# trim tabs and jackplates on gheenoe sizing



## Taterides (Nov 10, 2008)

May the force be with you.....Be careful and wear a life jacket . If you search a few have made some nice homemade solutions. Some even out of butcher block.

http://www.microskiff.com/cgi-bin/yabb2/YaBB.pl?num=1246382329/0


----------



## noeettica (Sep 23, 2007)

Forget The 25 Hp !

15 is over The top ...

I will Have Some "Perma Trimz" Soon ;-)

Dave


----------



## Canoeman (Jul 23, 2008)

"So what happened was..." 

In addition to the life jacket, maybe a helmet.


----------



## upfold99 (Aug 13, 2009)

would a doel fin and 4x4 trim tabs be ok for stability or would that be overkill?


----------



## TomFL (Oct 2, 2007)

Maybe I'm getting old, maybe I'm a getting to be a wuss, who knows but I'll put my $.02 in here.

I ran a 25 2-stroke on a hi-sider for an afternoon and honestly it wasn't much fun at all. First off it'd have to be a merc 2-stroke 25 as anything else is too heavy to be considered. Even the merc 25 is way too heavy. 

I was able to get up around 3/4 throttle if I milked it all the way up there, but after that the boat would skip and jump around and felt like it would come out of the water with any more throttle. Any stabs at full throttle like attempting a holeshot were scary. 

I promptly took the motor off the hull and swore I'd never try it again.
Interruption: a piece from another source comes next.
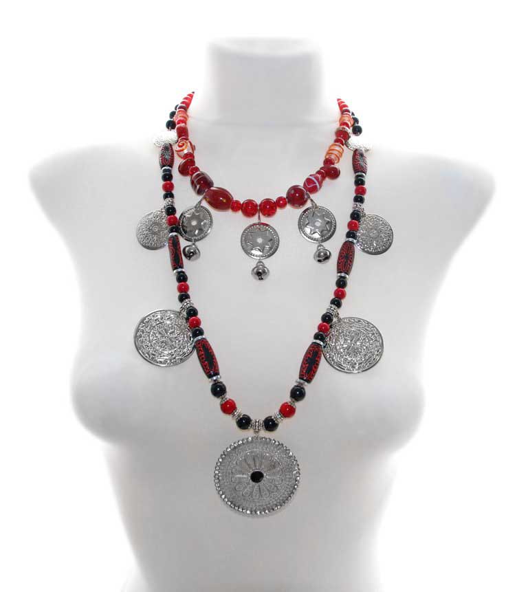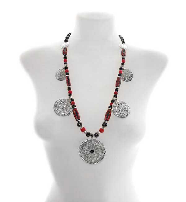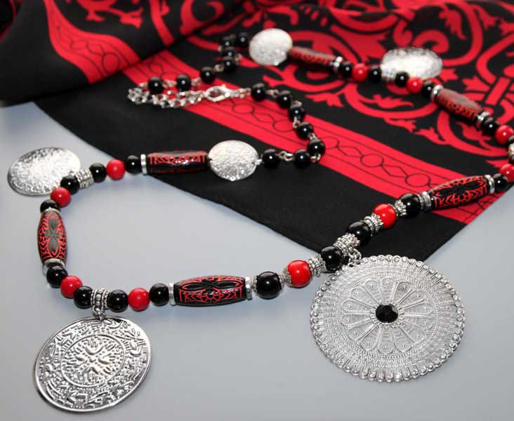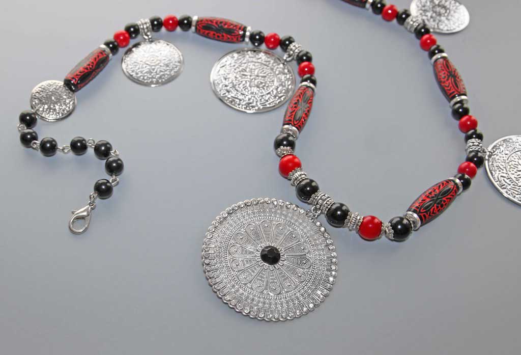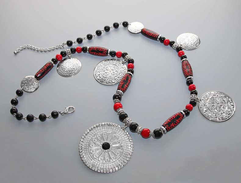 Kaelaehtes on kasutatud õhukesest hõbedavärvi reljeefse sissepressitud mustriga metall-lehest erinevas suuruses ripatseid, punaseid ja musti klaashelmeid, hõbedavärvi vahehelmeid ning piklikke musta-punasekirjusid kaunistusdetaile. Keskmise suure metallripatsi äär on kaunistatud tillukeste säravate klaaskristallidega, detaili keskel must tahuline kristalli meenutav helmes. Ripatsi diameeter on 5,5 cm.
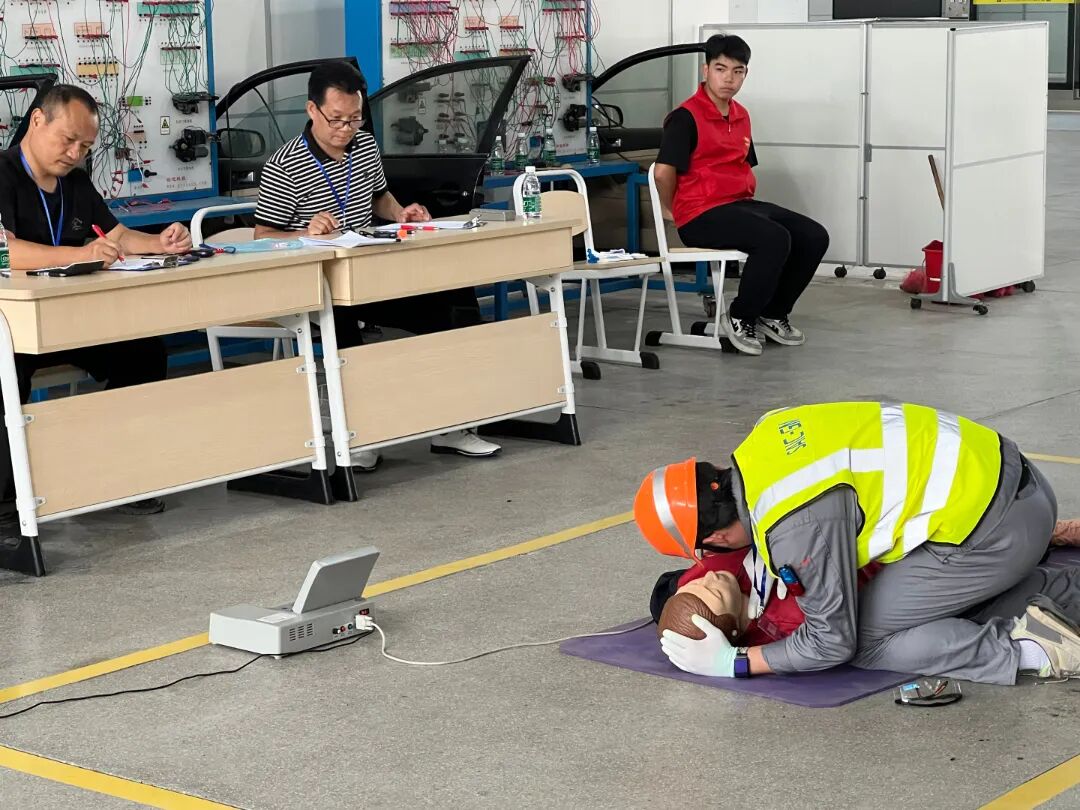 来自各汽车救援实体单位、高职院校等21支职工组队伍、6支学生组队伍进行了使用新能源(电动)汽车故障救援-模式功能转换、综合体能-平衡负重测试、单人徒手成人心肺复苏(无脊柱伤)、安全防护隔离区设置、解除等赛项角逐。参赛选手用专业高超的救援技术全面展现了新兴职业“汽车救援员”的专业风采和精神面貌。值得一提的是,此次选拔赛是汽车救援员职业发布以来的首次国家二类职业技能竞赛赛项的选拔赛,既是对近两年汽车救援人才培养成果的检验,也是技能人才脱颖而出的大好机遇。作为本次广东省分赛区的承办单位,我校未来将继续在汽车救援领域深耕,探索培育专业化汽车救援员团队,培育争做新时代知识型、技能型劳动者,培养更多大国工匠。

I'm into overkill, but that combo was undriveable. 

I ran the same hull with a 79lb Nissan 2-stroke 18 horse and absolutely loved the combo. IMHO I should never have sold that motor. 26 or 27 mph I think, and safe as long as you respected the speed and didn't take any chances or make anything but sweeping turns. 

The extra 7hp and 35lbs I think just put the combo outside of what I would consider even remotely safe. 

I should add that really all the testing I've done with different motors and hulls has been done in a long canal by my house. Long, straight, and pretty protected (no boat wakes). Wind can be a problem, but it's either a straight head wind or tail wind. I guess what I'm saying is that if you're going to venture out into open water with boat wakes, tide and wind conditions you can toss my findings on what I thought was safe.

A doel fin would probably help the boat feel a lot more stable. 

Wear your life jacket AND SAFETY LANYARD and make sure to pray to the OSWLD shrine as he seems to have more lives than my cat 

-T


----------



## Kemo (Jun 22, 2008)

> Wear your life jacket AND SAFETY LANYARD and make sure to pray to the OSWLD shrine as he seems to have more lives than my cat


Yeah. x3 or more. And just ask OSWLD, as I think he tried a 25 on 13. Don't think he lost one of his 9 lives, but he tried it, and there's a post of it on here somewhere. BTW, maybe there should be an OSWLD shrine somewhere. I wouldn't mind having an OSWLD medal to wear, like a St. Christopher medal, only I think an OSWLD medal would be better. [smiley=1-lmao.gif]

Kemo


----------



## OSWLD (Apr 20, 2008)

Hmmm an OSWLD shrine, that might be worse luck  than the name on my boat ;D

But if your runnin a tiller you'll probably need the trim tabs. My set up was stick steering all the way up front and i had no need for trim tabs. i did have a jackplate. only up a 1 1/2" with a 5" set back. it was fun, but not practical at all with 2 people or in any kind of shallows.

You'll be fine...


----------



## upfold99 (Aug 13, 2009)

hey guys thanks for your input. i know its going to be some overkill but i think im going to try it its a project so its going to take a lil while to get it like i want, but ill try to get some pics on here the before and after got a good hull to start and got lots of plans to make it original.


----------



## TomFL (Oct 2, 2007)

A sure sign I must be getting old....I shuttered when OSWLD said "you'll be fine"

;D ;D

-T


----------



## backwaterbandits (Dec 15, 2006)

> A sure sign I must be getting old....I shuttered when OSWLD said "you'll be fine"
> 
> ;D ;D
> 
> -T



Famous last words...  ;D :

Might think about transom reinforcement.


----------